= Beginning of Section =

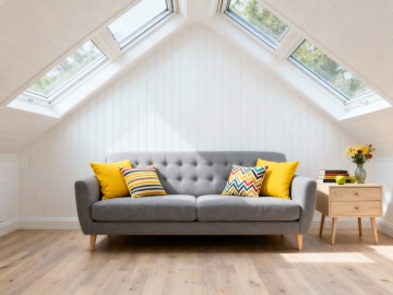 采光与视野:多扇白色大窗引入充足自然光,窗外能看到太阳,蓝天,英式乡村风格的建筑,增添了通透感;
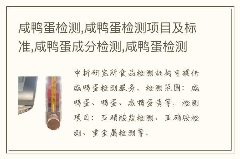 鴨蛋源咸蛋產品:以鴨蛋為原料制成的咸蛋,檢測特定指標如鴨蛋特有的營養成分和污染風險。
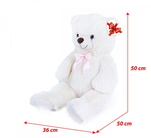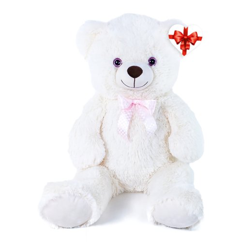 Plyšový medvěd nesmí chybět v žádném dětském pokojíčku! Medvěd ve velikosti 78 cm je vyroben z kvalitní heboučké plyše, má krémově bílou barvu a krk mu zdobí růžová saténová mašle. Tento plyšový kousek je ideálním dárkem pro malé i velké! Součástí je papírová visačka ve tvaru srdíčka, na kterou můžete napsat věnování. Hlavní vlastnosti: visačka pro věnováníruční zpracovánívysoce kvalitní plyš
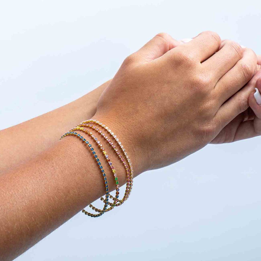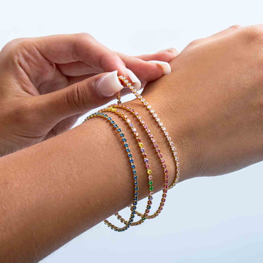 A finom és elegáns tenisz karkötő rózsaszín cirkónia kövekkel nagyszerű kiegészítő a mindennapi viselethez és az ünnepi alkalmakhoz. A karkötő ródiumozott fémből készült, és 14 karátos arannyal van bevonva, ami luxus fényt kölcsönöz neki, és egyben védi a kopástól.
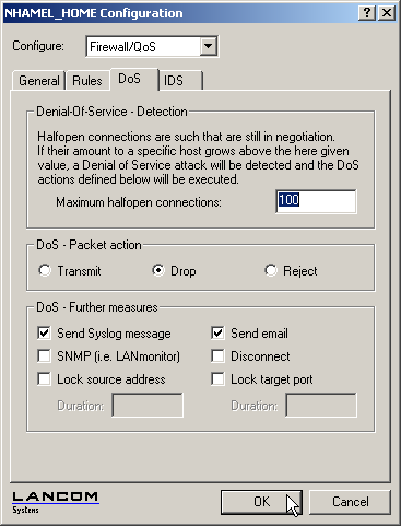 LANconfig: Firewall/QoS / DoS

= End of Section =
= Beginning of Section =

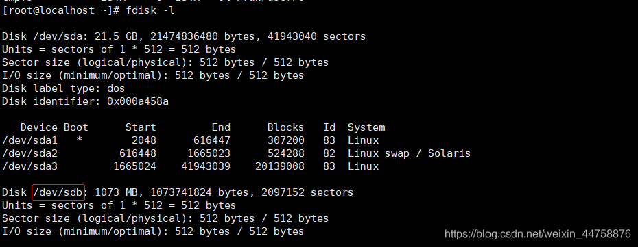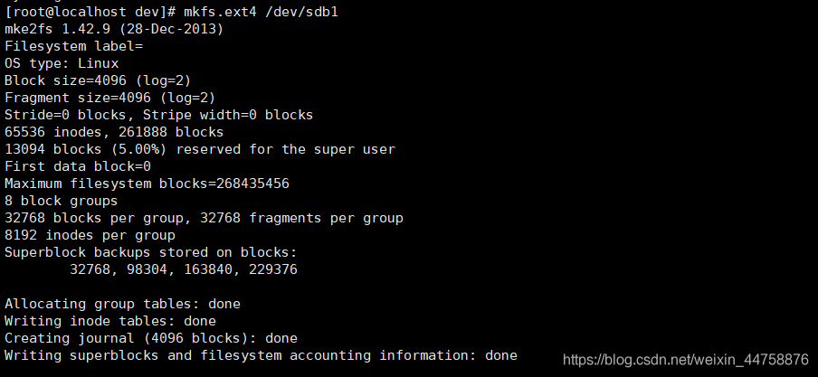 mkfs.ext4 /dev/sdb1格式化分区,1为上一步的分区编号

= End of Section =
= Beginning of Section =

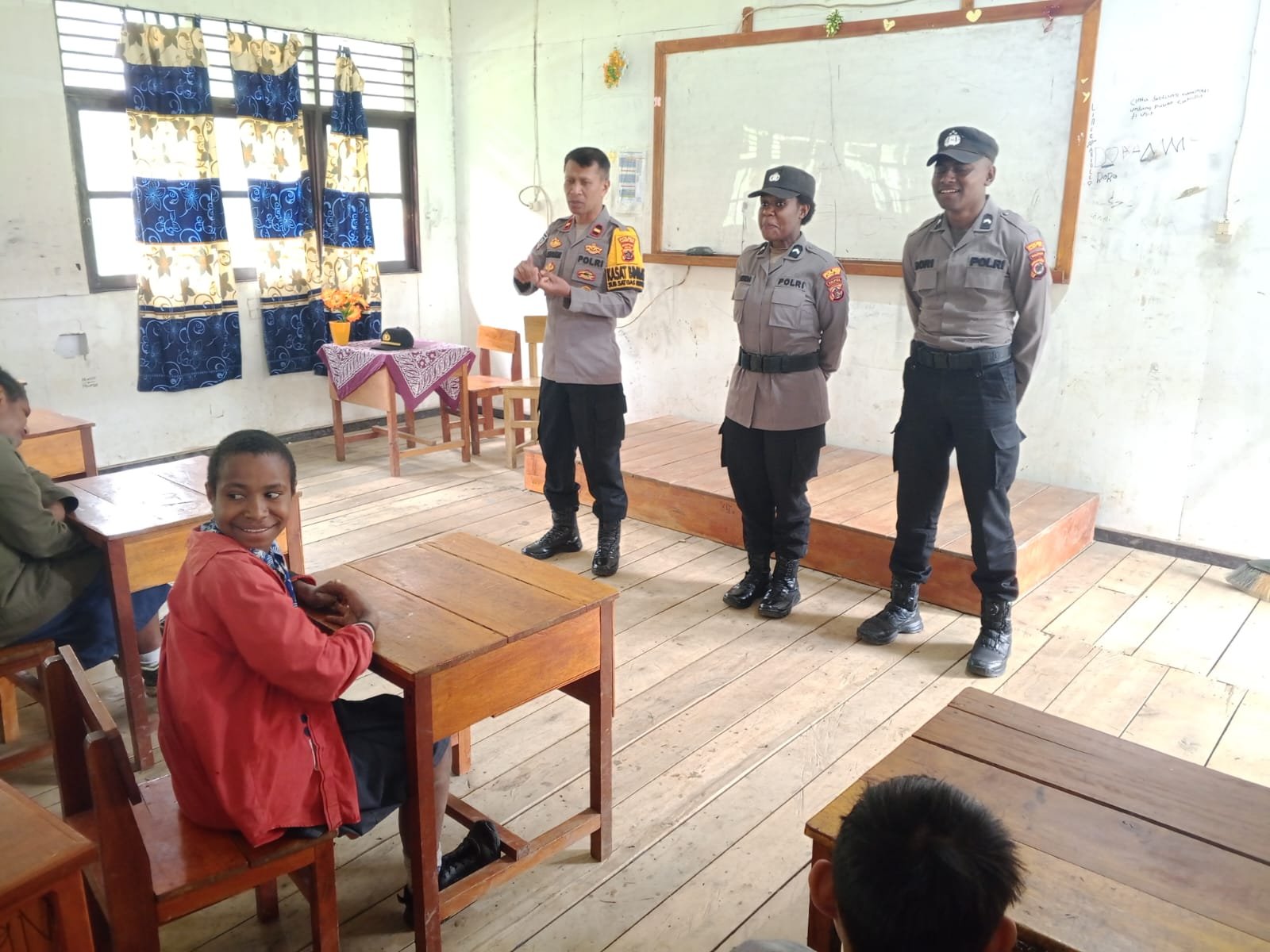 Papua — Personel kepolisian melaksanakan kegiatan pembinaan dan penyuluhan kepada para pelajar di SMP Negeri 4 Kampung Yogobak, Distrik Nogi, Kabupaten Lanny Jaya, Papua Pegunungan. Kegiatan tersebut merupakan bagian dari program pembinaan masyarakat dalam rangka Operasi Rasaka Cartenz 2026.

= End of Section =

• **Task requirements**:
Using the entries above, reproduce word for word only the lines from the one that contains "采光与视野:多扇白色大窗引入" to the one that contains "鴨蛋源咸蛋產品:以鴨蛋為原料", both ends included, and drop every picture.

• **Expected answer**:
 采光与视野:多扇白色大窗引入充足自然光,窗外能看到太阳,蓝天,英式乡村风格的建筑,增添了通透感;
 鴨蛋源咸蛋產品:以鴨蛋為原料制成的咸蛋,檢測特定指標如鴨蛋特有的營養成分和污染風險。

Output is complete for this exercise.